Um estudo publicado pelo instituto de Burnham na edição de setembro da pilha molecular relata que uma proteína do ponto de verificação do pilha-ciclo, conhecida para ser activado por uma classe importante de drogas anticancerosas, pode jogar papéis cruciais no impedimento de acções terapêuticas e ajudando a células cancerosas “recupere” e começo que se divide outra vez após o tratamento com estas drogas.

O estudo é esperado ajudar pesquisadores académicos e biotecnologia e companhias farmacéuticas a projectar as drogas que combatem o cancro que usa esta proteína do ponto de verificação, mas com menos efeitos secundários.

Robert Abraham, Ph.D., director anterior do centro do cancro do instituto de Burnham e agora vice-presidente para a pesquisa da oncologia em fármacos de Wyeth, junto com seus colegas, encontrados que a proteína Chk1 responde com actividade da pilha-sobrevivência às circunstâncias fatigantes induziu pela hipóxia e por determinadas drogas anticancerosas. Além disso estas mesmas circunstâncias visam Chk1 para a destruição eventual. Irònica, a estimulação de Chk1 provoca determinadas respostas do reparo que lutam o cancro quando a degradação simultânea de Chk1 puder permitir que as células cancerosas escapem a morte droga-induzida e recomecem o crescimento progressivo do tumor.

O estudo sugere que a proteína Chk1 seja crítica para assegurar o reparo das mutações e dos outros erros na réplica do ADN antes que possam alterar a função de uma pilha. Se não reparado, estes erros podem matar a pilha quando tenta se dividir e proliferar. Nas células cancerosas, Chk1 é responde como uma defesa natural ao dano terapêutico feito pela radiação e pela quimioterapia e tenta efectuar o reparo a dano do ADN causado pela terapia do cancro, faz assim o farmacoterapia menos eficaz.

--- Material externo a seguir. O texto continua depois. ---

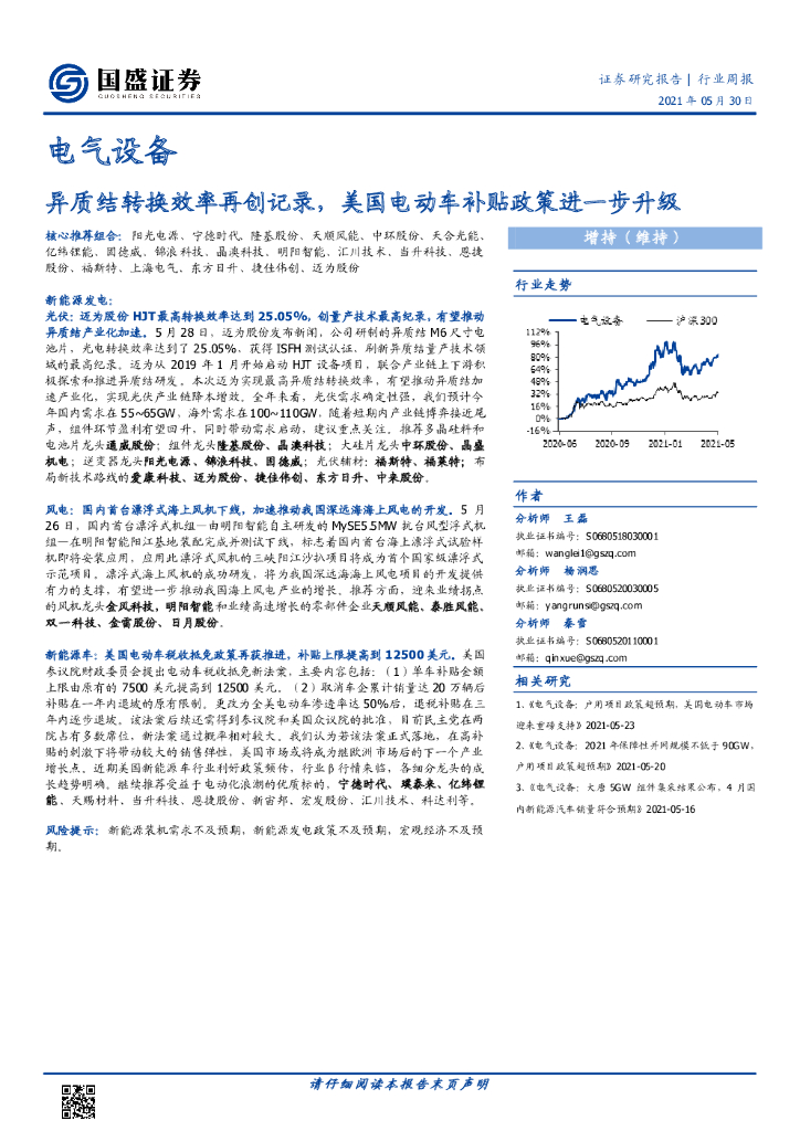 国盛证券:电气设备行业周报:异质结转换效率再创记录,美国电动车补贴政策进一步升级.pdf
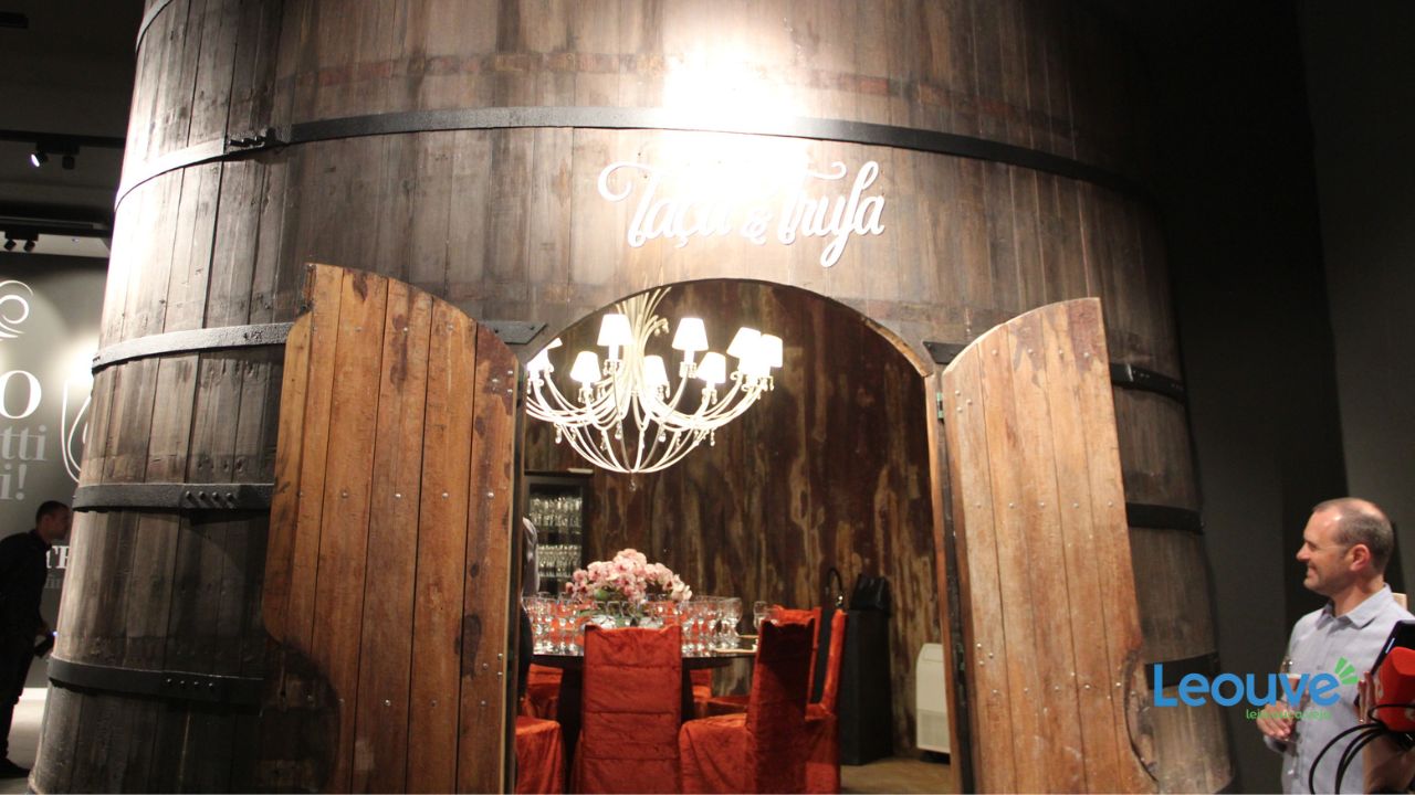 – A ambientação também deu novo uso a antigas pipas de madeira. Elas compõem, agora, um grande painel ondulado no início do roteiro. Em muitas de suas aduelas permanecem os cristais advindos do armazenamento do vinho, conhecidos tecnicamente como bitartarato de potássio. Esse material é raspado das pipas antes que o vinho de uma nova safra seja colocado nela. O bitartarato de potássio é vendido para a indústria farmacêutica, que os transforma em sal de frutas, creme dental, creme esfoliante e jóias; – Outro elemento presente nos corredores são os pupitres. Essas espécies de cavaletes acondicionam, numa posição de 45 graus, as garrafas de espumante de cabeça para baixo a fim de que façam a decantação dos sólidos, originando espumantes elaborados pelo método Tradicional. Aqui, portanto, não é só um elemento decorativo. Todos os pupitres dispostos têm espumantes da linha Acordes e Astral, o segundo elaborado com uvas biodinâmicas;
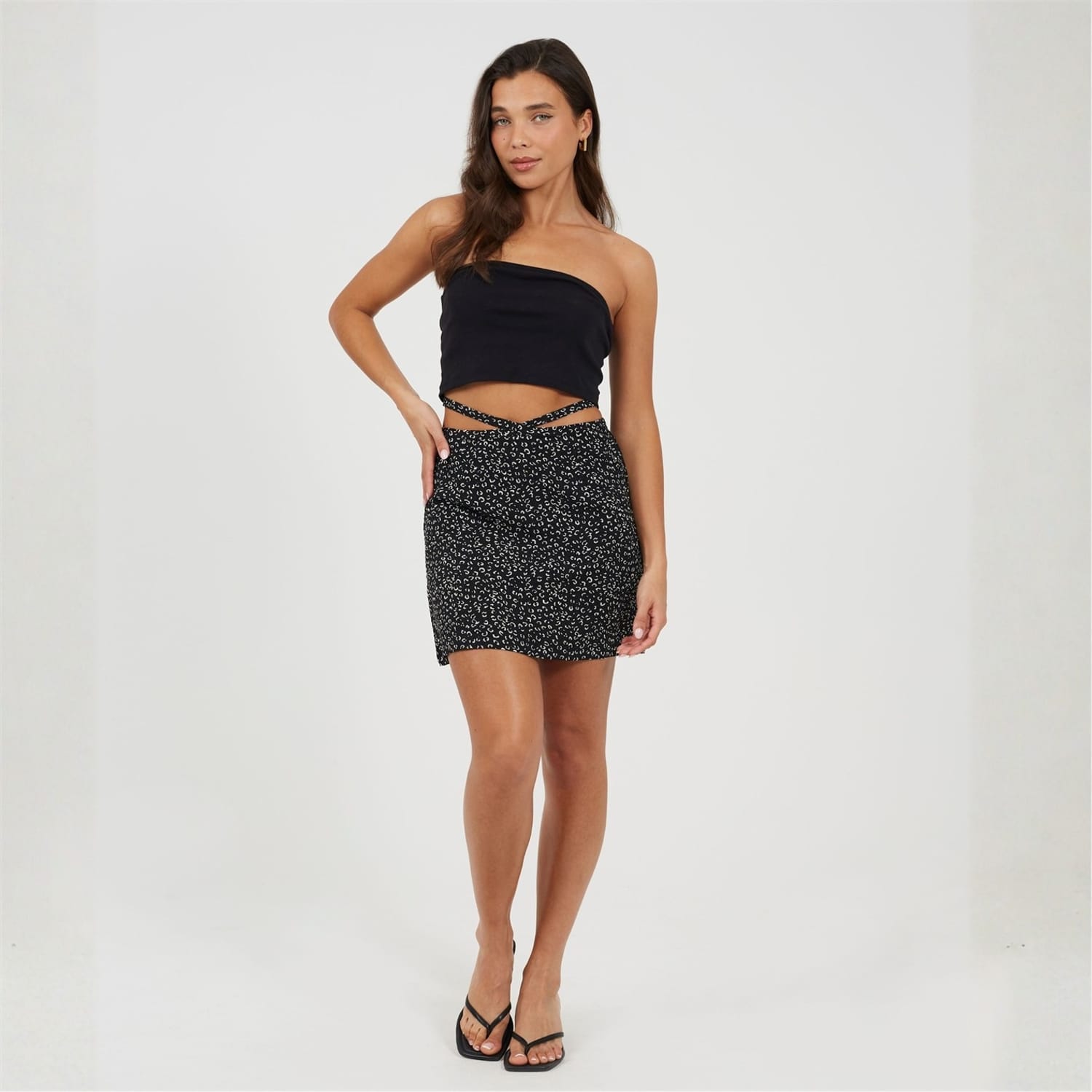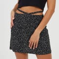 Brave Soul Women's skirt. Mini length, waist tie detail. All over abstract animal print. -

Os pesquisadores igualmente encontraram que o campthothecin do agente da quimioterapia (CPT), um agente anticanceroso clìnica importante, reduziu a actividade da proteína Chk1. “Estes resultados emprestam o forte apoio à ideia que a inactivação de Chk1 contribui à actividade antitumorosa de CPT permitindo as pilhas que carregam o ADN danificado progredir através do ciclo de pilha, conduzindo a um mal sucedido e tentativa frequentemente letal de submeter-se à divisão de pilha,” disse Abraham. Da “a terapia combinação, que emparelha um agente da quimioterapia com um inibidor de Chk1, pode conseqüentemente ser uma estratégia eficaz para aumentar a eficácia de determinadas drogas anticancerosas, e pode bem superar a resistência clínica a estas drogas.”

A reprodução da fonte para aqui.